Landtag lehnt Absetzung Kellers im Untersuchungsausschuss ab

Landtag lehnt Absetzung Kellers im Untersuchungsausschuss ab

Der Brandenburger Landtag hat einen Antrag der AfD-Fraktion abgelehnt, den Vorsitzenden des Corona-Untersuchungsausschusses, den SPD-Fraktionschef Daniel Keller, abzusetzen. Der Antrag wurde am Donnerstag mit 51 Nein- und 21 Ja-Stimmen bei einer Enthaltung und einer ungültigen Stimme mit großer Mehrheit verworfen. Zuvor gab es keine Debatte. Die AfD-Fraktion hatte Keller vorgeworfen, als Vorsitzender parteiisch und ungerecht zu handeln, etwa wenn er Fragen und Beweisanträge der AfD nicht zulasse. Der SPD-Landtagsabgeordnete Björn Lüttmann hatte die Vorwürfe am Mittwoch als haltlos zurückgewiesen.

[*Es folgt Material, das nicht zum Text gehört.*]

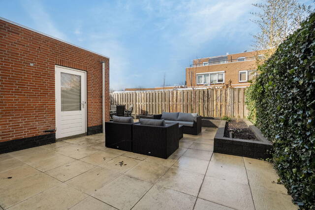 De achtertuin is gelegen op het noordwesten en is onderhoudsvriendelijk aangelegd. De tuin beschikt over bestrating, beplanting en een buitenkraan.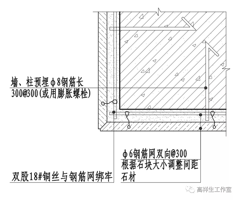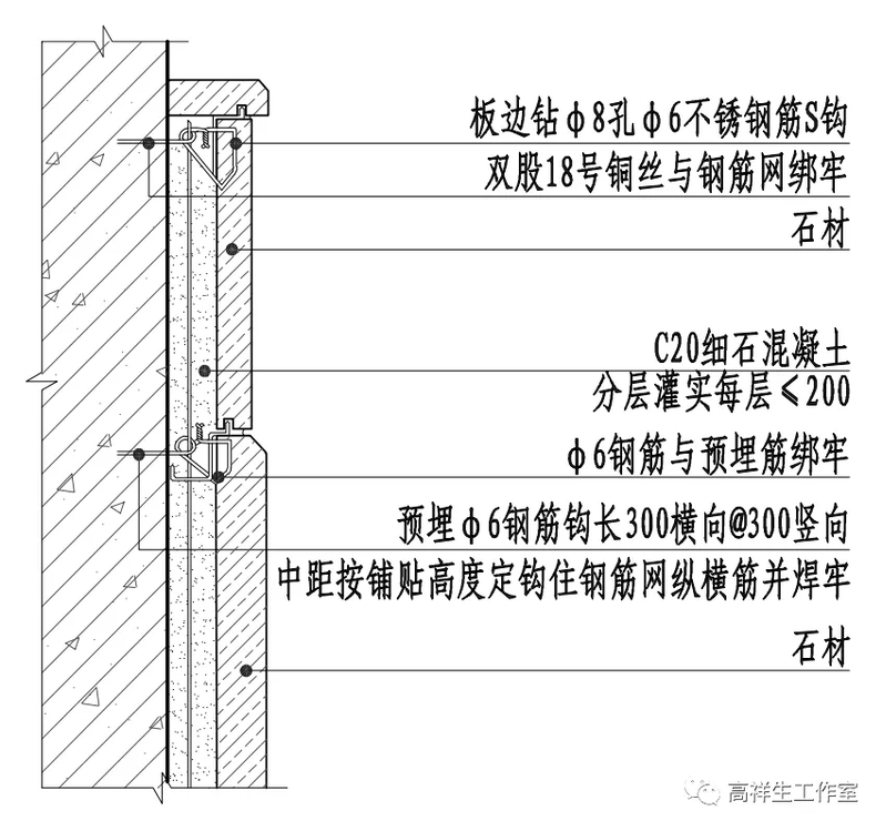 图 14-4-16 墙面石材湿贴构造节点图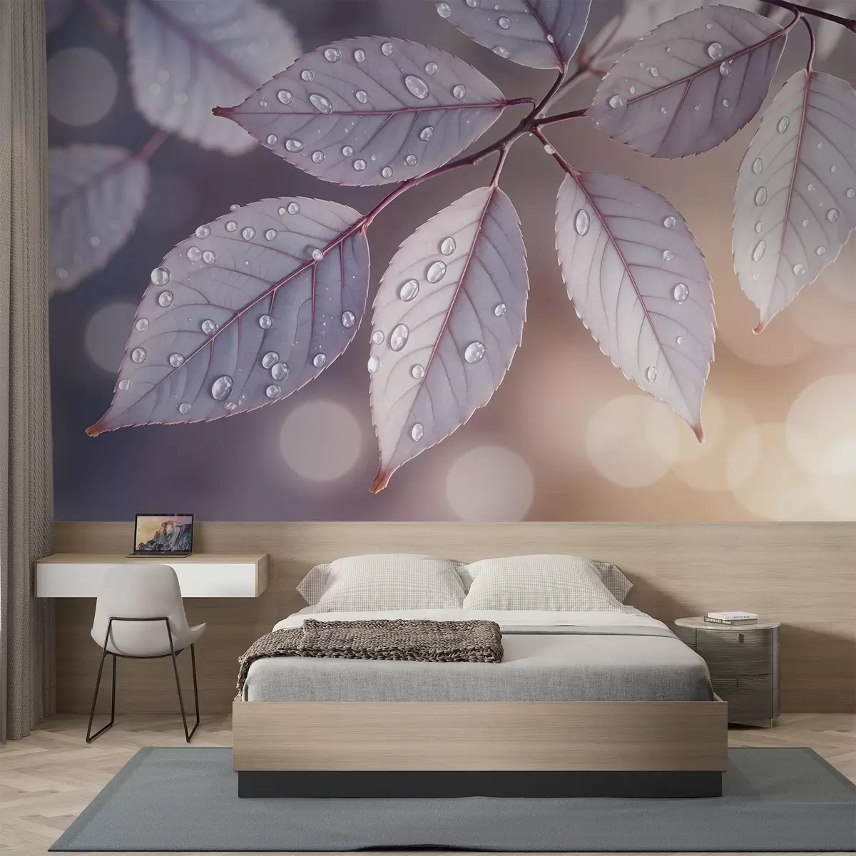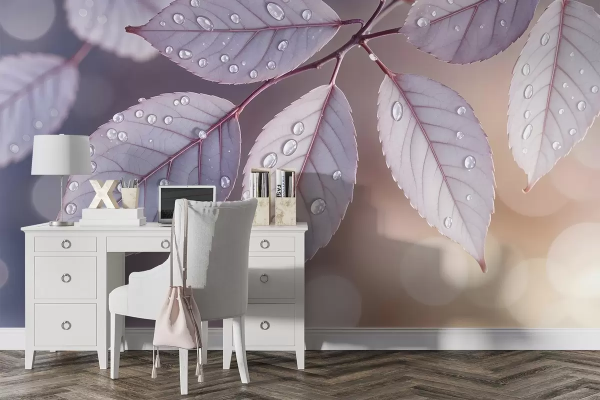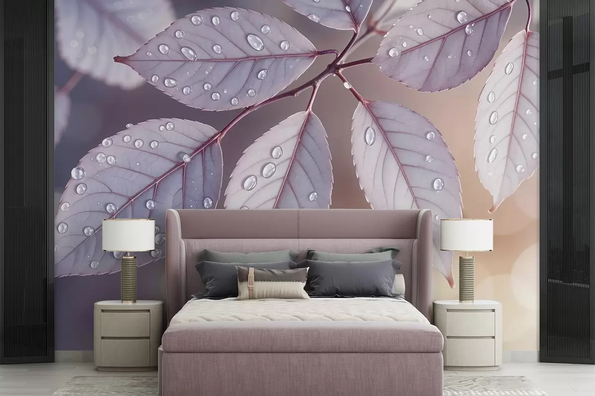 Fototapetes Maigi violetas lapas ar ūdens pilieniem, mīksts fokusa fons Nr. w08419

Der Landtag kann den Vorsitzenden eines Untersuchungsausschusses abwählen. Dafür müssen einem Antrag auf Abwahl allerdings zwei Drittel der anwesenden Mitglieder des Landtages zustimmen. Dazu wären bei der geheimen Abstimmung, an der sich 74 der 88 Abgeordneten beteiligt hatten, mindestens 50 Ja-Stimmen notwendig gewesen. Die AfD-Fraktion hat 23 Abgeordnete.
Mit dem Untersuchungsausschuss will die AfD-Fraktion hinterfragen, ob die Eingriffe infolge der Krisenpolitik der rot-schwarz-grünen Landesregierung verhältnismäßig waren und dazu beitrugen, die Verbreitung des Coronavirus einzuschränken. Sie hält die Maßnahmen für unverhältnismäßig. Es geht nur um die Pandemie-Zeit bis September 2020. Die AfD im Landtag hatte sich bereits mit einer Klage an das Landesverfassungsgericht gewandt (Az.: VfGBbg 67/21). Sie kritisiert, dass mehrere ihrer Anträge abgelehnt wurden - zum Beispiel eine Zeugenbefragung von Kanzlerin Angela Merkel (CDU).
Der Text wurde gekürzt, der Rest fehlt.